■ **Task details**
Make a word-for-word copy of the entries below from their first line through the line with "ارفع منطقة تدريب", and add nothing.
+ + + + +
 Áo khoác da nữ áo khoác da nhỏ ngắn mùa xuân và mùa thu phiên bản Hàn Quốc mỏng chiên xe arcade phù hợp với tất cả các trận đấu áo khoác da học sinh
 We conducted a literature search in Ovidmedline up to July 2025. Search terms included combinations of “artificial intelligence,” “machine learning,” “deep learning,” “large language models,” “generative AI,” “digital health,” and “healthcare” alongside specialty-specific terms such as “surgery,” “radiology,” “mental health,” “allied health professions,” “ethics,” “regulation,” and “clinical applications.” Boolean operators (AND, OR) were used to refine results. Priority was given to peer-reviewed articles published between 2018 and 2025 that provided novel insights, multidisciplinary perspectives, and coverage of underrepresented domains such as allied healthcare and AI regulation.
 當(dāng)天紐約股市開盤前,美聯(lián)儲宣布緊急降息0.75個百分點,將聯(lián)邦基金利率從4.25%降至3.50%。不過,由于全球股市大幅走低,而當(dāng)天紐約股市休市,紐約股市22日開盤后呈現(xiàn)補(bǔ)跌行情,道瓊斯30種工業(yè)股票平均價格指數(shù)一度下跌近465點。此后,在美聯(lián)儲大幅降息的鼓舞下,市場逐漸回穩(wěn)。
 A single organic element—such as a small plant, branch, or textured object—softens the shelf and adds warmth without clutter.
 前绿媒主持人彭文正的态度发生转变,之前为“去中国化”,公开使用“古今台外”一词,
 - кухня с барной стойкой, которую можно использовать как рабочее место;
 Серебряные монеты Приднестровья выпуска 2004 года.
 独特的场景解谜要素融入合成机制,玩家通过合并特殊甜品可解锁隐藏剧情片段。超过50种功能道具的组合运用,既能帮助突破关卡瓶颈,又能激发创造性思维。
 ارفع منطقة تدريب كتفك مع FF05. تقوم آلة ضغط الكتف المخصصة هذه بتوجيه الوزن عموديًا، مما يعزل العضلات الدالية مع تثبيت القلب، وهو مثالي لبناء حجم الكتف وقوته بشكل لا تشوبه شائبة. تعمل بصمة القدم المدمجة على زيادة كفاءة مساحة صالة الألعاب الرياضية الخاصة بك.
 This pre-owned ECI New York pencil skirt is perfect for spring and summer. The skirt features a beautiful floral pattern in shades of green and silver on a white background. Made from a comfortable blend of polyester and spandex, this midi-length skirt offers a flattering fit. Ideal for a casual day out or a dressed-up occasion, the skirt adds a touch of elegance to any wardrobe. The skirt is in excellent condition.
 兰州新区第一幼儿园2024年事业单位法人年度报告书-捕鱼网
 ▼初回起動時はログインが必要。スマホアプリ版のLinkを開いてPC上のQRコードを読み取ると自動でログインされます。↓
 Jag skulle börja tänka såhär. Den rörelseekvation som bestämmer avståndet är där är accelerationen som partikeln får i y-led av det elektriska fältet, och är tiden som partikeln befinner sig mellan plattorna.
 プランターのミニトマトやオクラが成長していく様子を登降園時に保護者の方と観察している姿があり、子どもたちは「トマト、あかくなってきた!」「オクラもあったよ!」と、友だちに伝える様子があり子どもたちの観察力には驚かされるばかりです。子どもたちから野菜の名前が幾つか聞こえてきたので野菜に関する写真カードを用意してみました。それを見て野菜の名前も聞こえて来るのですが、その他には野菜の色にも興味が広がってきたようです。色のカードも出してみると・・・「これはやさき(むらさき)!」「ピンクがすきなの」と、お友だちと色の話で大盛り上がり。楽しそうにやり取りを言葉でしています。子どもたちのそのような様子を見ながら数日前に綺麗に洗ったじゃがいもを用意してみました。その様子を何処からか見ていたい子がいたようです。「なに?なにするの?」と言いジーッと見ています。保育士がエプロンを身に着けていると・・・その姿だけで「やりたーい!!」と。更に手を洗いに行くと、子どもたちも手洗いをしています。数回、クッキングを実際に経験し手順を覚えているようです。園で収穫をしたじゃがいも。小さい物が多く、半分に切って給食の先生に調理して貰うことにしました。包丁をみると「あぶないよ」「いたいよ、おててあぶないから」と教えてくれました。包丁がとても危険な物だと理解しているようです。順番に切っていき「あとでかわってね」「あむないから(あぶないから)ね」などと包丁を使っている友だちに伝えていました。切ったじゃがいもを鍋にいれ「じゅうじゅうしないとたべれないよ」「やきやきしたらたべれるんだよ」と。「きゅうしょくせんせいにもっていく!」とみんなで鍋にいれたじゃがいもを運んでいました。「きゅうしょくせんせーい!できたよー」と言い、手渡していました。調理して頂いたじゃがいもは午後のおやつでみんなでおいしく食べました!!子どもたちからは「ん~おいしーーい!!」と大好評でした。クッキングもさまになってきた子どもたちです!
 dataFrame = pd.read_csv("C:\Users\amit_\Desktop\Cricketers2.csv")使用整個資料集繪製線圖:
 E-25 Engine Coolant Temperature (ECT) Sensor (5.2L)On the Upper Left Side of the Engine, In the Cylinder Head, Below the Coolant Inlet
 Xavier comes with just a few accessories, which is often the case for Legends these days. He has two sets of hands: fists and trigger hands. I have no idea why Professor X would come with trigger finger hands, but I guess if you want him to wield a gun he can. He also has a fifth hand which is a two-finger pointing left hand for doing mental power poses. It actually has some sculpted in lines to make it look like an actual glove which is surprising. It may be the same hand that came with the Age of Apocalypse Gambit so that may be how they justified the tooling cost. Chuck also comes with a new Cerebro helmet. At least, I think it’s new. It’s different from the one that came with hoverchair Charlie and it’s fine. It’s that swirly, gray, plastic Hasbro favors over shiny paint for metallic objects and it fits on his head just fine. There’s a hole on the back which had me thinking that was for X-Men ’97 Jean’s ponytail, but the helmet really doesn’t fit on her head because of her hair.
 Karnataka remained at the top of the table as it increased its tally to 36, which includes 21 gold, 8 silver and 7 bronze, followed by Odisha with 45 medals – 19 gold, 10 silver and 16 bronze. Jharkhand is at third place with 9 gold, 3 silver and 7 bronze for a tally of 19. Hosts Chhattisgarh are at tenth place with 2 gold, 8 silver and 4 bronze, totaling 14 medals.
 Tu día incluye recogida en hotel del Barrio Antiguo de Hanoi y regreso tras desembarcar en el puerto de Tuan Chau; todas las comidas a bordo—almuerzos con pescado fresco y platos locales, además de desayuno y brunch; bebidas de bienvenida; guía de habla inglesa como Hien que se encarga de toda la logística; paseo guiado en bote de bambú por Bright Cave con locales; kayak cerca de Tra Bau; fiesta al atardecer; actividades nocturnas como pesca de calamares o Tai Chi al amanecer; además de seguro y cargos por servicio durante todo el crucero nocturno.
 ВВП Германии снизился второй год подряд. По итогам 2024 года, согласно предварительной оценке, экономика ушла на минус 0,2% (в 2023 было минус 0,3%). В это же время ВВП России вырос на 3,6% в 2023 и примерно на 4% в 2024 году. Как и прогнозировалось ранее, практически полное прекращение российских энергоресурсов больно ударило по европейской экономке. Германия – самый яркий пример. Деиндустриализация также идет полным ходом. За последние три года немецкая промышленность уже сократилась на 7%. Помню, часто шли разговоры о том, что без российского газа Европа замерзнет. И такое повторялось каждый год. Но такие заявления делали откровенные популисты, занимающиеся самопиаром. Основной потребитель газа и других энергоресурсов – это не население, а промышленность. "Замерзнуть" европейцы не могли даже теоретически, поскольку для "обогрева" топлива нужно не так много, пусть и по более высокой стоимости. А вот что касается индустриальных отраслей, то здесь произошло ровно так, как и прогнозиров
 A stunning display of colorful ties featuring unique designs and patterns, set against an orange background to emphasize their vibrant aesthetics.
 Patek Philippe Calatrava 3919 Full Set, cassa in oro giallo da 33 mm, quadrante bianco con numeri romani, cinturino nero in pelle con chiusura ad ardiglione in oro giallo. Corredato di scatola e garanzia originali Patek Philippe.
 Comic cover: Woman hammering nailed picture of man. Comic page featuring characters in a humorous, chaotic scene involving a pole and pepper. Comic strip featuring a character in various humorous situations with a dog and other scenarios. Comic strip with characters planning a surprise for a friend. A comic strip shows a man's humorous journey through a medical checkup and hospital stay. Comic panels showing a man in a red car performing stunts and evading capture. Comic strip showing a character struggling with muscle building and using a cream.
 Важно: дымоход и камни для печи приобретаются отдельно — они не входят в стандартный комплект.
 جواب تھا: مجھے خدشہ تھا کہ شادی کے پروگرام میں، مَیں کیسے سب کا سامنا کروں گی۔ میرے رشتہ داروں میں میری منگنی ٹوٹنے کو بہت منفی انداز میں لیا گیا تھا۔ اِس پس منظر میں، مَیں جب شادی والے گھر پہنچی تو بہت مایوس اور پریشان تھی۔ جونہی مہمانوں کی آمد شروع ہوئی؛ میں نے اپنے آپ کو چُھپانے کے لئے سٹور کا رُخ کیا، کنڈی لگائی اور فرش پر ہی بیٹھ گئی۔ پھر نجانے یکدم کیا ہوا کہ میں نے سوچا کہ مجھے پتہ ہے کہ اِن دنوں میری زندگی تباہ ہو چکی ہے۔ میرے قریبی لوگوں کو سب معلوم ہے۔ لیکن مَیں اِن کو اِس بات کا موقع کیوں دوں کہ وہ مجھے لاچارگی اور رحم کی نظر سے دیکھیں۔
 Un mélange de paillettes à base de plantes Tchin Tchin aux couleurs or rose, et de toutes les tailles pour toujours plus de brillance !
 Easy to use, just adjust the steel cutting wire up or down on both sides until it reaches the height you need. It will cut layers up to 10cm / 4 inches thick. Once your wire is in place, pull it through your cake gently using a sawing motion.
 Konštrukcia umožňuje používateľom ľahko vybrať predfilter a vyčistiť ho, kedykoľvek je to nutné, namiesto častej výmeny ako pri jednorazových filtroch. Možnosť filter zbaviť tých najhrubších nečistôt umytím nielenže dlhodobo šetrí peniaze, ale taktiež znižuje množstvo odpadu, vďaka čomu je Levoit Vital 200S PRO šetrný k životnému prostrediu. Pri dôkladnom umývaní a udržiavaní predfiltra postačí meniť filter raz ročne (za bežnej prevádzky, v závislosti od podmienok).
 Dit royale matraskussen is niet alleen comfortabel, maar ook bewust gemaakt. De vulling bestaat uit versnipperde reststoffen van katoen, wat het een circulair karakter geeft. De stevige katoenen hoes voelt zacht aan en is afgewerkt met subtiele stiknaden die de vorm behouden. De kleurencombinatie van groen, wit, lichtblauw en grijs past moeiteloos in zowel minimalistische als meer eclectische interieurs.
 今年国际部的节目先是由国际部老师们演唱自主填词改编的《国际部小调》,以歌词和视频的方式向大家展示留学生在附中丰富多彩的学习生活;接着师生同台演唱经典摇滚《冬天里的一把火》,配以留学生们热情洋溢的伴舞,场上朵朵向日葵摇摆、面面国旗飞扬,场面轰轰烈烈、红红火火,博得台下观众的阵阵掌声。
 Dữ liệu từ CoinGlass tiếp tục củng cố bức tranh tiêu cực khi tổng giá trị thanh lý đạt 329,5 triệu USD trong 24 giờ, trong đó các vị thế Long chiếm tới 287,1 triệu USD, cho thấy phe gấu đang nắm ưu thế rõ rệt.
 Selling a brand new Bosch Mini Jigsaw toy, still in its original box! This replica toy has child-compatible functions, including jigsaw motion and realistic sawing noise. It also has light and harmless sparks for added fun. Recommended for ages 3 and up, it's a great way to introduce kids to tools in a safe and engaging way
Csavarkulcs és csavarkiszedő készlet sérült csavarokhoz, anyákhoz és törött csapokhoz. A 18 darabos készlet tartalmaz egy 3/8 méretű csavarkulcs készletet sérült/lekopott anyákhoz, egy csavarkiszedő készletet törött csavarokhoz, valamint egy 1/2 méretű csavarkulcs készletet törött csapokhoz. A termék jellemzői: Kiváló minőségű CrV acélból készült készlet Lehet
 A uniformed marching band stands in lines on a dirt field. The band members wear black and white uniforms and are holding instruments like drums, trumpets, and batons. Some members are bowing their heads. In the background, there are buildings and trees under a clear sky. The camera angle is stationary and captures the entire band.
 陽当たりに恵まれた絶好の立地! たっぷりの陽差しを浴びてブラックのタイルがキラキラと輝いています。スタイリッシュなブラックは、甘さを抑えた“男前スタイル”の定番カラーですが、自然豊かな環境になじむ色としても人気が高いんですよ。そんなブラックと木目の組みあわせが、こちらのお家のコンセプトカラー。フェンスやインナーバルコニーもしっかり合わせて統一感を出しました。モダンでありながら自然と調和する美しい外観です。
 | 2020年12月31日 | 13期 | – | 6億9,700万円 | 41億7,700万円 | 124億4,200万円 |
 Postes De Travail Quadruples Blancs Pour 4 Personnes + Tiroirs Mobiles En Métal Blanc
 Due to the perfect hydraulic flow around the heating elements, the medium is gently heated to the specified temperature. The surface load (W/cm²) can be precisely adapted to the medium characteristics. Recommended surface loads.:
+ + + + +
■ **Response to the task**
 Áo khoác da nữ áo khoác da nhỏ ngắn mùa xuân và mùa thu phiên bản Hàn Quốc mỏng chiên xe arcade phù hợp với tất cả các trận đấu áo khoác da học sinh
 We conducted a literature search in Ovidmedline up to July 2025. Search terms included combinations of “artificial intelligence,” “machine learning,” “deep learning,” “large language models,” “generative AI,” “digital health,” and “healthcare” alongside specialty-specific terms such as “surgery,” “radiology,” “mental health,” “allied health professions,” “ethics,” “regulation,” and “clinical applications.” Boolean operators (AND, OR) were used to refine results. Priority was given to peer-reviewed articles published between 2018 and 2025 that provided novel insights, multidisciplinary perspectives, and coverage of underrepresented domains such as allied healthcare and AI regulation.
 當(dāng)天紐約股市開盤前,美聯(lián)儲宣布緊急降息0.75個百分點,將聯(lián)邦基金利率從4.25%降至3.50%。不過,由于全球股市大幅走低,而當(dāng)天紐約股市休市,紐約股市22日開盤后呈現(xiàn)補(bǔ)跌行情,道瓊斯30種工業(yè)股票平均價格指數(shù)一度下跌近465點。此后,在美聯(lián)儲大幅降息的鼓舞下,市場逐漸回穩(wěn)。
 A single organic element—such as a small plant, branch, or textured object—softens the shelf and adds warmth without clutter.
 前绿媒主持人彭文正的态度发生转变,之前为“去中国化”,公开使用“古今台外”一词,
 - кухня с барной стойкой, которую можно использовать как рабочее место;
 Серебряные монеты Приднестровья выпуска 2004 года.
 独特的场景解谜要素融入合成机制,玩家通过合并特殊甜品可解锁隐藏剧情片段。超过50种功能道具的组合运用,既能帮助突破关卡瓶颈,又能激发创造性思维。
 ارفع منطقة تدريب كتفك مع FF05. تقوم آلة ضغط الكتف المخصصة هذه بتوجيه الوزن عموديًا، مما يعزل العضلات الدالية مع تثبيت القلب، وهو مثالي لبناء حجم الكتف وقوته بشكل لا تشوبه شائبة. تعمل بصمة القدم المدمجة على زيادة كفاءة مساحة صالة الألعاب الرياضية الخاصة بك.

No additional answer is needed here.